Коробейников с мрачной решимостью потомственного вятича довести дело до конца выпил рюмку какого-то напитка подозрительно-зелёного цвета и только после этого сдался на милость Бендера. Александр Остапович взял дружка под локоток и стал пробираться к выходу. Он довёл историка-архивиста и не состоявшегося политика до своих «жигулей» и осторожно положил его на заднее сиденье. Коробейников подложил под голову ладошки, свернулся калачиком и тут же мирно заснул. Когда они подъехали к дому, и Бендер слегка потряс приятеля за плечо, оказалось, что тот не спал.

– А знаешь что, Бендер? – сказал он совершенно трезвым голосом. – У тебя деньжата свободные есть?

– Кое-какой капитальчик водится. – Александр Остапович, наученный горьким опытом, насторожился: сейчас, как и все, Аркашка будет просить денег взаймы.

– На первое время нужно не так уж много.
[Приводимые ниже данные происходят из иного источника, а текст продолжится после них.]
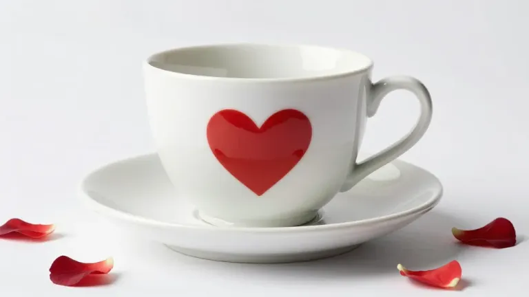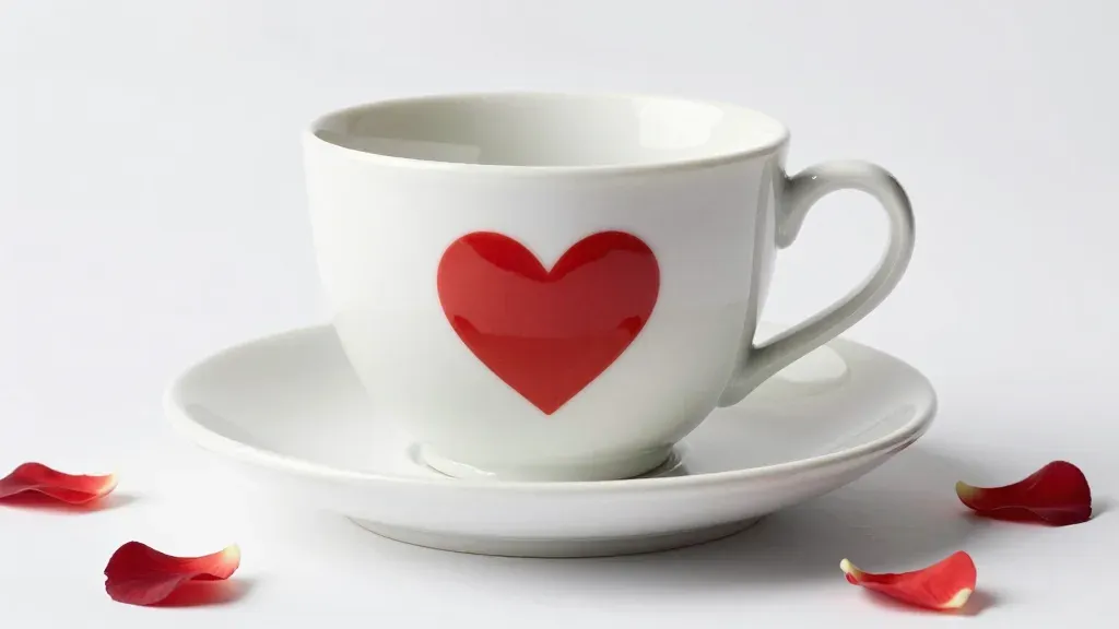 A white porcelain teacup featuring a bold red heart design rests on a matching saucer, surrounded by scattered dry rose petals with a satin finish. Soft high-key studio lighting from the upper left creates gentle highlights and shallow depth of field, emphasizing the cup while the clean grey background provides ample copy space.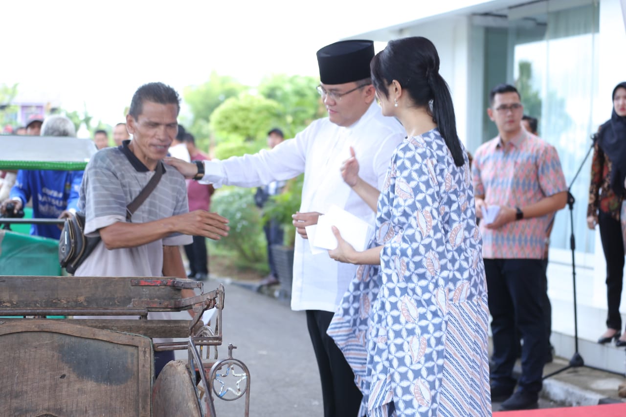 Hari ini di pendopoan rumah dinas Bupati Muba, tampak H Dodi Reza Alex Noerdin yang Bupati Musi Banyuasin (Muba) didampingi istrinya, Hj Thia Yufada, (Ketua TP PKK Muba), membagikan Zakat Mal. Sejak pagi tampak ribuan becak dan ojek terpakir rapih di sisi jalan depan persis pintu gerbang kediaman bupati.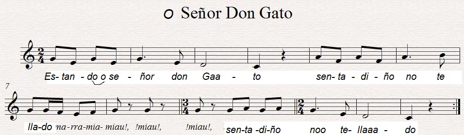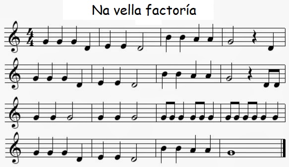 Este pentagrama corresponde a unha estrofa da copla e cada compás correspóndese con cadanseu verso.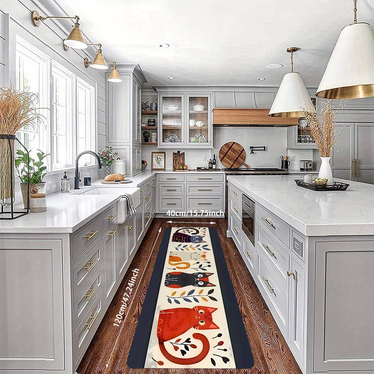 부드러운 플란넬 소재로 제작된 귀엽고 재미있는 모던 미니멀리스트 주방 매트 1개 – 회색 체크 디자인에 장난기 넘치는 요리 그래픽이 특징이며 주방 및 거실에 적합, 주방 카펫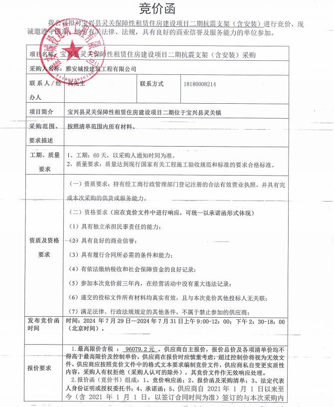 寶興縣靈關(guān)保障性租賃住房建設(shè)項(xiàng)目二期抗震支架(含安裝)采購競價(jià)公告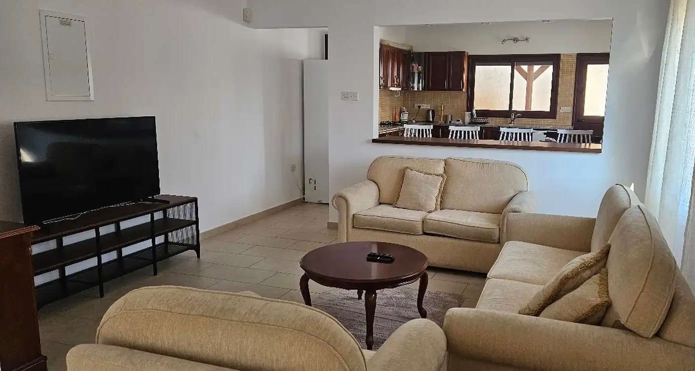 For rent a four-bedroom semi-detached house of 150 m2 on a plot of 185 m2 in the area of Palodeia, Limassol. The house includes four bedrooms, two bathrooms, three toilets, a large living room with modern finishes, an open-plan kitchen with a counter for 4 people, a balcony, a pantry and additional living areas. One of the bedrooms has its own balcony, and the outside room can be used as an office, clinic, guest room or maid's room. The house is fully furnished and equipped with household appliances: washing machine, oven, microwave, dishwasher, gas stove, new refrigerator, 65" TV, air conditioners in all rooms (including kitchen). New blinds, curtains and modern lighting have been installed, and a fan and ventilation system are provided on the balcony. The plot has a private rear patio, a side garden and a spacious access area that can be used as parking or as a multifunctional space. The house is located next to a supermarket, kindergarten, church and other infrastructure, as well as 5-7 minutes drive from private schools Island, Lighthouse, Pascal and Heritage.

Стартовый капитал, чтобы запустить машину в действие. А потом мы переведём её на самоокупаемость.

– Что ты надумал? Какую машину? – удивился сын Великого Комбинатора предпринимательской жилке сына бывшего мелкого провинциального царского чиновника.

– А не вставить ли нам перо в задницу «забугорникам»? – вопросом на вопрос ответил Коробейников.

– А что – есть идея? – в вопросительной форме оживился Бендер.

– Есть, – ответил Коробейников и захрапел.


Москва хорошела и принаряживалась.

Выросшие, словно грибы, банки и офисы, одевались в мрамор и гранит, а мутные полупьяные окна заснувших приватизированных старинных особняков заменялись чистыми наглыми глазницами стеклопакетов и прочих европейских «велюксов». Вместо убогих плакатов «Храните деньги в сберегательной кассе» или «Летайте самолётами «Аэрофлота» на всех перекрёстках появились огромные рекламные щиты, предлагавшие на английском языке выкурить сигареты «ЛМ», утолить жажду напитком из Турина от Росси, погреть животик на Бермудах или купить виллу в Каннах. На Профсоюзной улице вокруг метро «Беляево» появились сразу три казино. Привлекало одно с интригующим названием «Козино «Падкова».

Центр столицы украшал Храм, выстроенный на месте популярного бассейна, и несуразный по величине и финансовым затратам памятник Ивану Калите, созданный по проекту безработного у себя в Грузии скульптора-монументалиста Цинцинадзе. Памятник ваяли несколько помощников Цинцинадзе: одному поручили изготовить голову князя, другому – туловище, третьему – руки, четвёртому – ноги, а потому, когда всё смонтировали вместе, получился гимн эклектике и безвкусице. Иван Калита стоял лицом к Кремлю, а Кремль подслеповато – против солнца – всматривался в «железобетон в сюртуке», корчил в гримасах фейс и отказывался признавать в нём своего бывшего хозяина.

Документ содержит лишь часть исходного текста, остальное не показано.